On my way to work this morning I was listening to our local public radio station, and caught the tail-end of a Roundtable chat with Mike Levine, executive editor of the Times Herald Record
The newspaper is working on a special report about the shifting makeup of its community -- specifically, the observation that youth services are becoming the cultural center that all things revolve around. The suspicion leads them to believe their's is not the only community affected by such kidifications.
In a nutshell, it seems that the story will be tackling how parents are so involved with PARENTING (as a verb) that kids just can't be kids.
One of the most argued points is the prevalence of organized play. Whereas at one time little "John" and "Jane" could go down the street on their own, find a pick-up baseball game and have 78 at-bats and the relative privacy of only a handful of same-age players watching as they make colossal errors; now "Ethan" and "Madison" climb in mom and dad's mini van wearing their starched uniforms, drive three miles to the league field (drawn with precision chalk lines) and sit on a bench waiting for their three turns at bat only to have three hundred parents watch them strike out each time.
I know we're going to have trouble with this.
As a new parent, who has "drunk the Kool-Aid" offered by every slick magazine telling us how to be Good Parents and enjoy our children, I have to admit this broadcast left me reeling. Just yesterday, the Husband and I had our usual is this "good or bad" talk, when he asked me where ittybit was and I told him "she's in her room, playing with her doll."
"How is that going to affect her socialization skills?" he worried. "She's social enough," I assured him. "She needs to have a private life, too. ... She has to learn to amuse herself."
This debate on parenting seems to have been raging for more than two decades. And, while I think there are numerous factors in play, including perceptions that our world is no longer safe, there's really no single place we can point to and say AH-HA!
MORE pederasts, AH-HA!
MORE crime, AH-HA!
MORE self-help, AH-HA!
MORE media coverage, AH-HA!
MORE things to buy, AH-HA!
MORE self-imposed guilt and stress, AH-HA!
MORE single parents splitting their time with the kids, AH-HA!
MORE working moms, AH-HA!
MORE stay-at-home dads, AH-HA!
Still, as parents in a society that hammers us with being proactive and keeping ourselves safe at all costs, how will we buck this new instinct to retreat into our little family cocoons?

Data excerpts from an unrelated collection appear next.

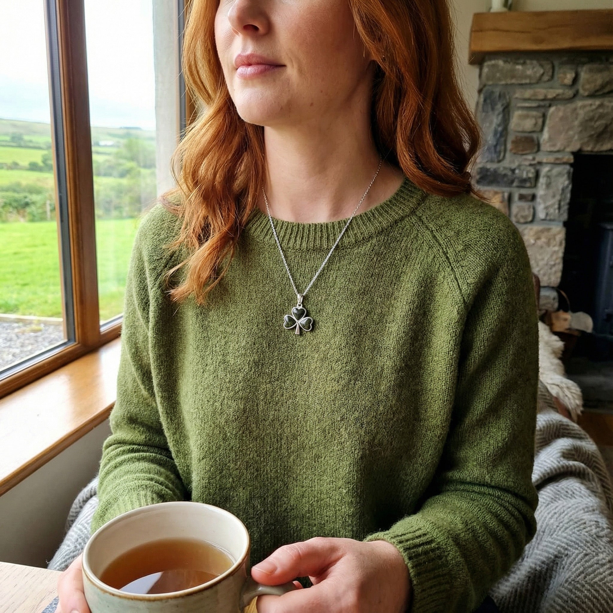The traditional three leaf clover design symbolizes faith, hope, and love. Measuring 5/8 inch tall by 5/8 inch wide, the pendant hangs from an 18 inch sterling silver chain for an elegant look that works for both daily wear and special occasions. Handmade by skilled artisan jewelers in Ireland, this necklace reflects timeless craftsmanship and meaningful Irish tradition.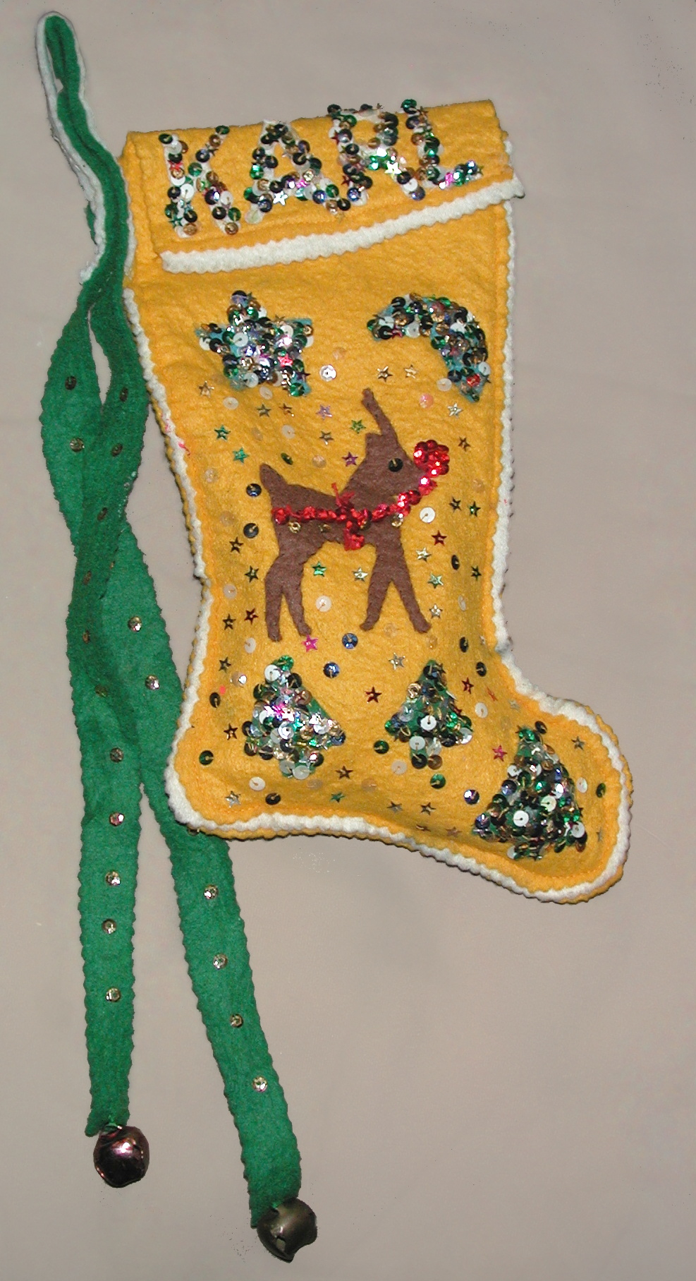 Reindeer stocking. Felt, sequins, jingle bells. Photographed 25dec2002; manufactured late 60s/early 70s. With yet more of my fridayfugly level of image editing.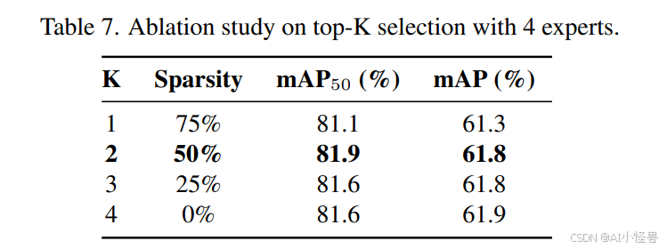 在给定 4 个专家的条件下,我们在表 7 中分析了 top-K 路由的效果。Top-2 路由 在 50% 稀疏度下取得了最佳性能(61.8% mAP)。Top-1 路由 遭受了 -0.5% 的 mAP 下降(61.3%),表明表征能力不足。激活 3个或4个 专家则未能带来进一步的收益。K=2 的甜点验证了我们的设计:两个互补的专家提供了足够的特征多样性,同时保持了计算效率。这一发现与最近的 MoE 文献 [7, 33] 一致,表明在视觉任务中,超过 K=2 的收益会递减。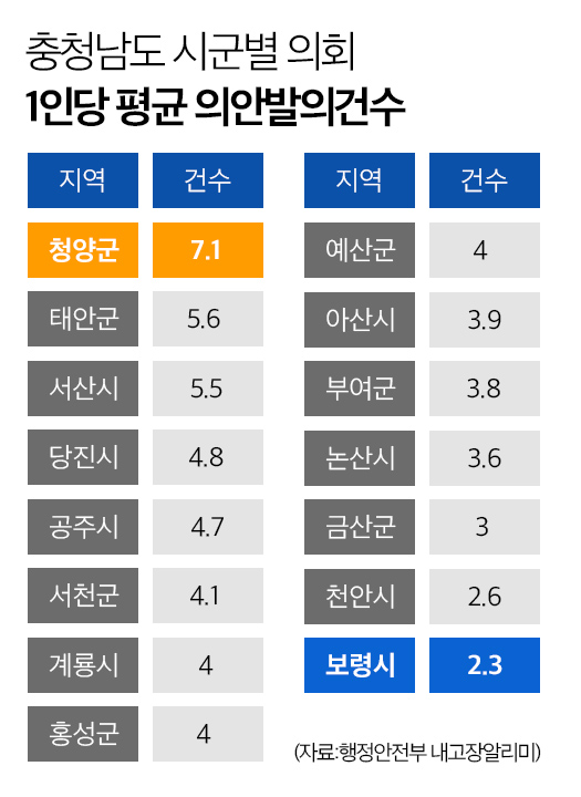 5일 내고장알리미에 등록된 자료를 보면 이 기간 충남 15개 시·군의회 의원 171명이 발의한 조례안은 685건으로, 한 명당 평균 4건이다. 기초의회별로 보면 청양군의회가 의원 7명이 50개 조례안을 발의해 1인당 의안 발의건수가 7.1개로 가장 많았다.

Recently, I was driving down a country road I hadn't been on since I was about 12 and riding my bike to a friend's house. It was a five-mile journey filled with twists and turns, limited sight distances and cars traveling too fast on curves. I couldn't breathe thinking about my own child and how I would NEVER want her to ride alone on this or any other road like it. EVER. I couldn't believe how MY mother had allowed me to ride it alone. Do I not trust her, drivers? Will I be teaching her to be independent and confident or fearful and inept?
But it's more than our own fears that motivates us, according to this editors' assessment. It's also a need to parent. The need to BE the Super Parent all the self-help manuals suggest we can be. To make every single, precious moment as packed with quality as we can manage.To be our kids' cheerleaders, and best buds on the weekends. To be there for every bump, scrape and bad day. To celebrate the good days, and give the high-fives and erase all the BAD parents from the face of the Earth with our Good Parenting Accomplishments.
What this suggests is that parents are going into our children's world more and more, and abandoning the adult one.
As the radio conversation continued, I couldn't help but have that awful feeling of an unwanted truth. We are a nation of consumers, and we are now consuming our kids. This can't be a good thing. ... can it?
Good or bad, the Times Herald Record is looking for thoughts from outside its readership area, specifically if you see the same type of cultural shift happening in your neck of the woods. If you have the time, you might want to drop Mr. Levine a line at mlevine@th-record.com. I know I can't wait to hear what you all have to say.
2 comments:
Thisis so thought-provoking. Nate and i were just discussing the balance between adapting the baby to our schedule and we to hers. Indeed there are parents who overdo and overschedule and overbear, but the truth is, the good old days are never as good as they seem in retrospect. In the early 70s I remember having a different activity every day - art, Brownies, gymnastics, ballet, soccer. I begged to do all of it.
So have things changed? Yes and no.
I haven't made any sort of point here, have I. Well, I'm still thinking about it...
I think the point they might be trying to illustrate isn't necessarily the stretching of kids too thin with organized activities, it's more about the degree to which parents are involved in their kids' lives and activities.